第3話 山菜が欲しいらしい

 さて、会いたくもないおっさんに再会してしまったわけだが。今回は最初からこの前のお姉さんも一緒だ。なんだ?また自慢か?ふざけやがって。

 しかもおっさんは性懲りもせずなんか話しかけてくる。だから何言ってんのかわかんねえよ。やっぱり嫌がらせなのか?

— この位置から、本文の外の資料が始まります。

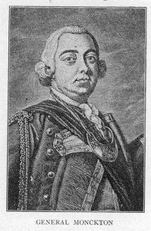 An Image of Robert Monkton.
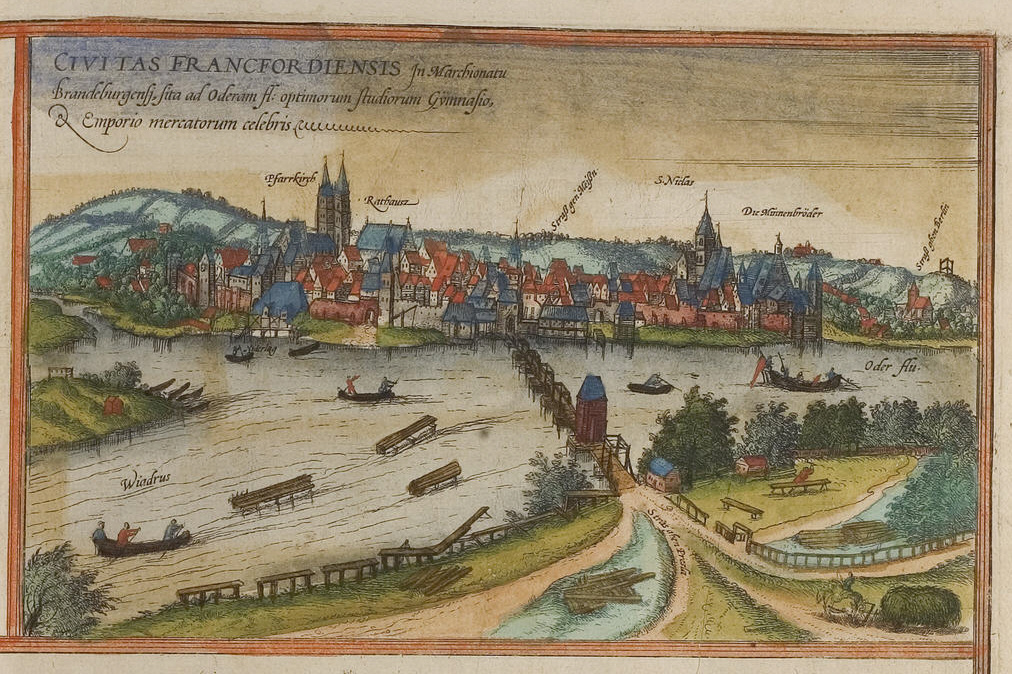 View of the city of Frankfurt (Oder). Colorized copperplate engraving by Frans Hogenberg from the book "Civitates Orbis Terrarum" from 1572

 そんなおっさんを遮るようにして、お姉さんがぐいっと身体を入れ込んで来た。インターセプトか!?しかも手に何か抱え込んでいる。やっぱりインターセプトなのか!?

 手に持っているそれをこちらに見せてくれたわけだが、普通に本だった。しかもかなり分厚い。これはもしや!辞典なのか!?こっちの言語と日本語とのやつか!?


 そんな思いとは裏腹に、開いて見せてくれた中身は図鑑だった。当然こっちの言語で書かれている。いやわからんて。何がしたいの?そう思ってお姉さんの顔を見るが何やら必死にページを捲っている様子。次いでおっさんを見ると、こちらは目は合ったが肩をすくめるだけだ。は?肩をすくめたいのはこっちなんだが?なんだこいつら。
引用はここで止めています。